This second post in my series about MR’s ongoing struggle with big data is focused on our stubborn resistance to the analytic techniques that are an essential part of the big data paradigm. It’s hard to talk about those analytic challenges without referring to Chris Anderson’s 2008 Wired editorial, “The end of theory: The data deluge makes the scientific method obsolete.”
Faced with massive data, this approach to science — hypothesize, model, test — is becoming obsolete. . . Petabytes allow us to say: ‘Correlation is enough.’ We can stop looking for models. We can analyze the data without hypotheses about what it might show.

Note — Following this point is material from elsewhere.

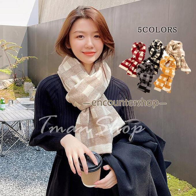 男女兼用 マフラー レディース チェック柄 ストール ふわふわ 厚手 冬 ニットマフラー ギンガムチ・・・

We can throw the numbers into the biggest computing clusters the world has ever seen and let statistical algorithms find patterns where science cannot.
This is a pretty good statement of the data science perspective and its faith in machine learning--the use of algorithms capable of finding patterns in data unguided by a set of analytic assumptions about the relationship among data items. To paraphrase Vasant Dhar, we are used to asking the question, “Do these data fit this model?” The data scientist asks the question, “What model fits these data?”

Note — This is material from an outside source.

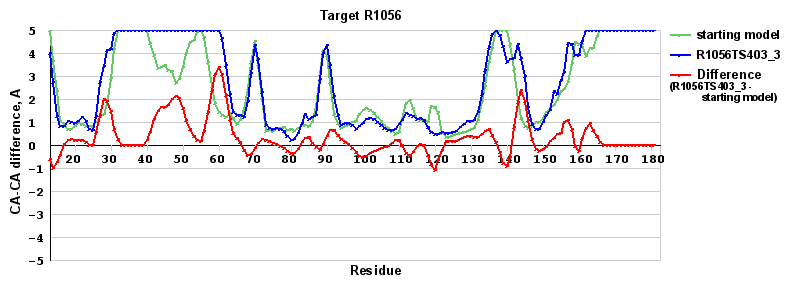 | Red line = (blue line) - (green thick line): difference between the corresponding Refined Model-Target and Starting Model-Target CA-CA distances (see above). Negative values show regions where the reifned model has better fit to the target than the starting model, i.e. areas of potential improvement. |

The research design and analytic approaches that are at the core of what we do developed at a time when data were scarce and expensive, when the analytic tools at our disposal were weak and under powered. The combination of big data and rapidly expanding computing technology has changed that calculus.
So have the goals of MR. More than ever our clients look to us to predict consumer behavior, something we have often struggled with. We need better models. The promise of data science is precisely that: more data and better tools leads to better models.
All of this is anathema to many of us in the social sciences. But there also is a longstanding argument within the statistical profession about the value of algorithmic analysis methods. For example, in 2001 the distinguished statistician Leo Breiman described two cultures within the statistical profession.
One assumes that the data are generated by a given stochastic data model. The other uses algorithmic models and treats the data mechanism as unknown. . .If our goal as a field is to use data to solve problems, then we need to move away from exclusive dependence on data models and adopt a more diverse set of tools.
One can find similar arguments from statisticians going back to the 1960s.
There are dangers, of course, and arguments about correlation versus causality and endogeneity need to be taken seriously. (Check out Tyler Vigen’s spurious correlation website for some entertaining examples.) But any serious data scientist will be quick to note that doing this kind of analysis requires more than good math skills, massive computing power, and a library of machine learning algorithms. Domain knowledge and critical judgment are essential. Or, as Nate Silver reminds us, “Data-driven predictions can succeed—and they can fail. It is when we deny our role in the process that the odds of failure rise”